Ellis v. Allstate Insurance

In an action to recover proceeds of an insurance policy, the plaintiff appeals, as limited by his brief, from so much of an order of the Supreme Court, Nassau County (Morrison, J.), dated September 15, 1988, as, inter alia, denied his motion for summary judgment, and the defendant has filed a notice of cross appeal from the order.

Ordered that the cross appeal is dismissed as abandoned; and it is further,

Ordered that the order is affirmed insofar as appealed from by the plaintiff; and it is further,

Ordered that the defendant is awarded one bill of costs.

The plaintiff was seriously injured when he was struck by a motor vehicle driven by one Brian McClane. A judgment was entered against that tort-feasor and the plaintiff commenced *544the instant action in order to recover the balance of the judgment from McClane’s excess insurance carrier, the defendant Allstate Insurance Company. The defendant denied liability, contending, inter alia, that McClane was engaged in a business activity at the time of the incident and that accidents occurring under such circumstances are excluded from coverage under the policy.

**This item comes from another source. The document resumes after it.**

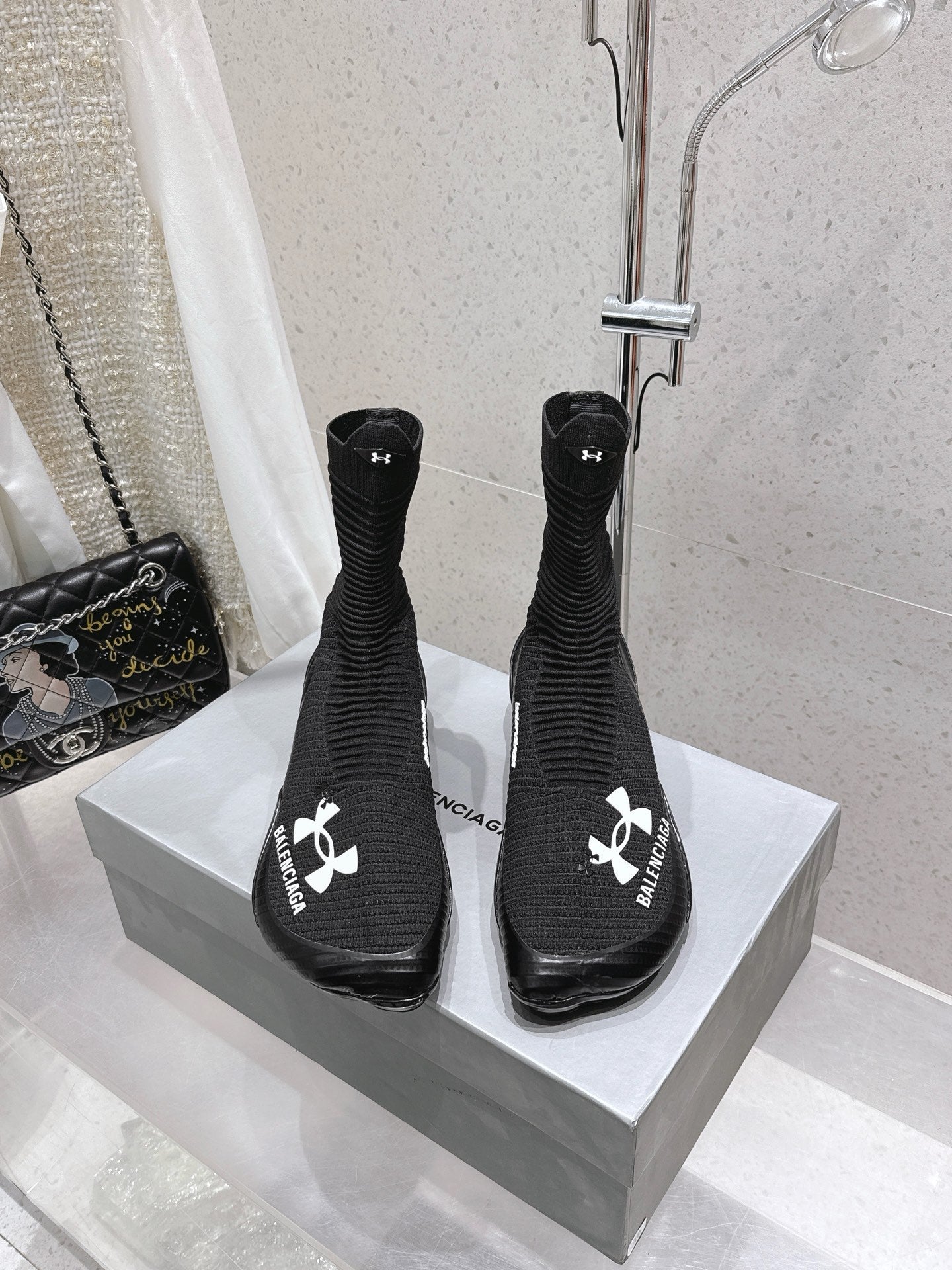 UNDER ARMOUR HYPER SNEAKER IN BLACK MIX WHITE KNITTED FABRIC

The plaintiff moved for summary judgment, relying primarily upon Brian McClane’s affidavit categorically denying that he was involved in a business activity at the time of the accident. If there was any business involvement, the defendant is not liable to the plaintiff based on the business exclusion in the policy.

It is evident that McClane has a great personal interest in the matter. Thus, we find him to be an interested witness, whose testimony a fact finder may be inclined to discredit. If his testimony were not found credible, there would be no support for the plaintiffs position (see, Cohen v St. Regis Paper Co., 64 NY2d 656, 658). Furthermore, only McClane has personal knowledge of his purpose and destination at the time his vehicle struck the plaintiff. Where a matter is within a person’s exclusive knowledge, on a motion for summary judgment an issue of credibility may be raised requiring a trial (see, Castillo v General Acc. Ins. Co., Ill AD2d 112, 113). Moreover, "summary judgment should be denied where knowledge of the facts 'is * * * peculiarly within the possession of the movant’ ” (Frame v Markowitz, 125 AD2d 442, 443; see also, Hoffman-Rattet v Ortho Pharm. Corp., 135 Misc 2d 750). Thus, we concur with the finding of the Supreme Court, Nassau County, that there are triable issues of material fact requiring the denial of summary judgment.

The plaintiff also contends that the defendant’s notice disclaiming coverage pursuant to the business exclusion in the policy was untimely as a matter of law. Given the particular facts and circumstances of the instant action, this court notes its disapproval of the dilatory manner in which the defendant handled the plaintiffs claim. Nevertheless, the defendant’s delay in giving timely notice of disclaimer was not unreasonable as a matter of law (see, Hartford Ins. Co. v County of Nassau, 46 NY2d 1028, rearg denied 47 NY2d 951). The determination of that issue is for the trier of fact (see, Allstate Ins. Co. v Gross, 27 NY2d 263).

We have reviewed the parties’ remaining contentions and find them to be without merit. Thompson, J. P., Lawrence, Rubin and Balletta, JJ., concur.